Breaking the data science ‘geek cycle’
(Published in Market Leader: Quarter 4, 2014)
Lack of careers awareness in schools and universities is leading to a serious shortage of new data scientists.
There is a perception that data analysis and econometrics is a dark art – that it’s incredibly complicated and black box. This is not the case. The hardcore maths behind the scenes may be complex, but conceptually it’s just a logical process that anyone can follow.
The misconception is partly the fault of data scientists – it is up to them to explain complex models in an understandable way, or to “take the geek out of the equation”. This makes the work infinitely more valuable as it actually becomes usable: you can create the most amazing model in the world, but if you can’t communicate it, it’s worthless. This is why we need to break the geek cycle of data science.

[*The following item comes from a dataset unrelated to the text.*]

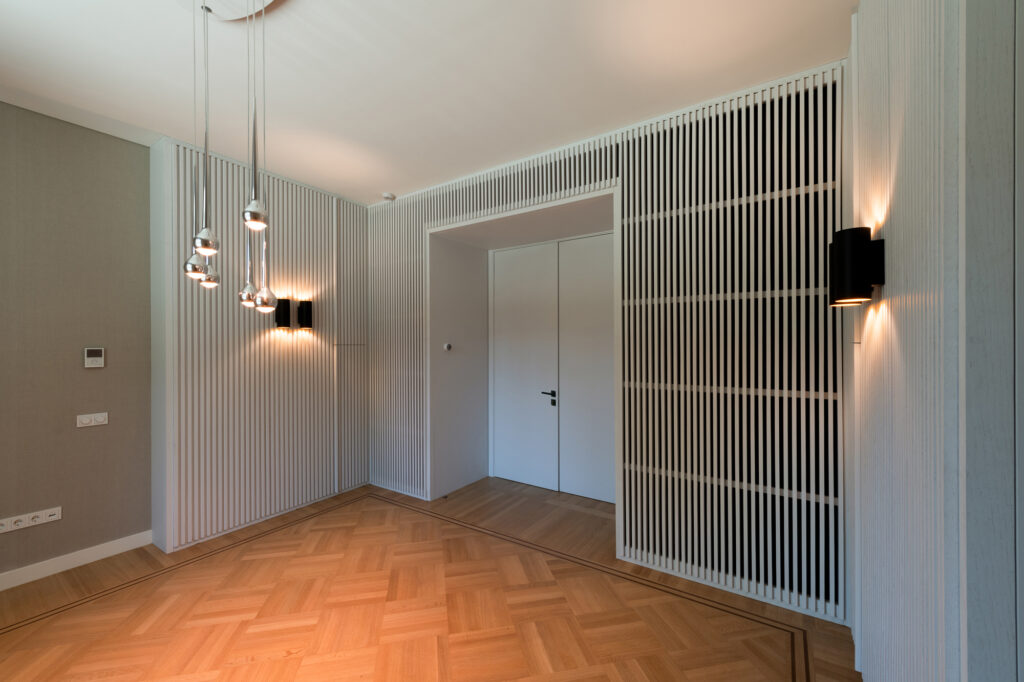 The main part of the building is a stone, pre-war construction. Over time, extensions were incorporated using reinforced concrete. The residence’s interior features grand spaces on the ground floor, including an expansive dining hall and a great living and reception room. Private rooms occupy the first floor.

Data science is often considered a new phenomenon, but it has been around for years. The people doing it have just been called different things: econometricians, market researchers, web analysts, programmers, database analysts – they just don’t sound as cool as ‘data scientist’.
Data science has become prominent due to the massively increasing demand for data-handling skills and the need to couple them with the mindset to interpret and deliver decisions from data. This has created a significant shift in the need for data scientists: demand has increased exponentially in the UK over the past 18 months (Figure 1).
According to McKinsey research, by 2018 the US will experience a shortage of 190,000 skilled data scientists and 1.5 million managers/analysts.
After a shift in demand for something, a shortage of supply has a knock-on effect of wage inflation. Economics 101 states that a shift in the demand for something (the green demand curve – see Figure 2), then wages will increase to offset the shortage of supply. This has meant average salaries have doubled in the UK since 2010, from £30,000 to £60,000.
Why is there a shortage of good data scientists?
Shortages have become an issue due to the recent rise in demand highlighting the gap of commercially savvy data experts. The massive hype of ‘Big Data’ (it’s still just data) has triggered companies into making more intelligent decisions.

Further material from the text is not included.